28 Pivot Tables

28.1 Summarizing Simulation Results (Background)

You are tasked with solving a company’s truck routing problem. The company operates a fleet of trucks that deliver goods to customers and seeks to optimize its delivery routes to minimize costs and improve customer satisfaction. To evaluate different methods, you implemented a simulation that logs the results of various configurations into a .csv file for analysis.

You developed and tested four methods to solve the truck routing problem:

M1 = Simulation of the current routing strategy (baseline)
M2 = Greedy algorithm (Nearest Neighbor Heuristic)
M3 = Exact algorithm (Integer Linear Programming)
M4 = Metaheuristic algorithm (Simulated Annealing)

Each method has trade-offs in terms of solution quality and computational efficiency.

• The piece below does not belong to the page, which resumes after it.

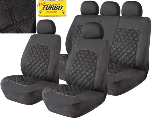 ✅Pokrowce samochodowe CZARNO SZARE na fotele uniwersalne przód tył komplet do samochodu + guma TURBO :)
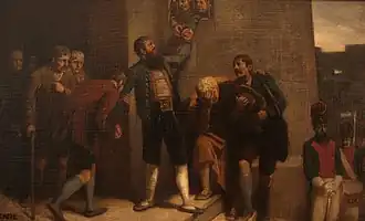 The lyrics were written by the German writer Julius Mosen in 1831, and the German composer Leopold Knebelsberger melodized them in 1844. The song deals with the death of Andreas Hofer, an innkeeper by trade, who was the leader of the Tyrolean Rebellion against the French and Bavarian occupation during the War of the Fifth Coalition in 1809. After Emperor Francis I of Austria had signed the Treaty of Schönbrunn, Hofer fought a losing battle. Betrayed and captured, he was executed by the personal command of Napoleon at Mantua in Italy on 20 February 1810 by the French forces.

For example, the exact algorithm guarantees the optimal solution but is computationally expensive, while the greedy algorithm is faster but may yield suboptimal results.

28.1.1 Metrics Collected

For each simulation run, the following key performance indicators (KPIs) were collected:

Distance Traveled (km)
Average Delivery Delay (hours)
Number of Customers Rejected
Runtime (seconds)

28.1.2 Configurations Tested

In your simulations, you tested different configurations to find the optimal solution for the company. The configurations include:

Objective Functions: Three objective functions were tested to minimize costs and improve customer satisfaction:
1. OF1 = Minimize total distance traveled (km)
2. OF2 = Minimize average delivery delay (hours)
3. OF3 = Minimize the number of customers rejected
Service Levels: Two service levels were evaluated to assess their impact on results:
1. SL1 = Reject customers if the service is infeasible
2. SL2 = Serve all customers (no rejections allowed)
Number of Customers: Two demand sizes were considered to test the scalability of the methods:
1. 100 customers
2. 500 customers
Demand Distribution: 10 random demand distributions were generated for each demand size, varying the locations and the demand needs of customers.

The fleet size was kept constant across all simulations.

28.1.3 Experimental Setup

To find the best solution, you ran simulations for all combinations of methods, objective functions, service levels, number of customers, and demand distributions. This resulted in 480 runs (4 methods × 3 objective functions × 2 service levels × 2 demand size × 10 distributions), each representing a different scenario of the truck routing problem.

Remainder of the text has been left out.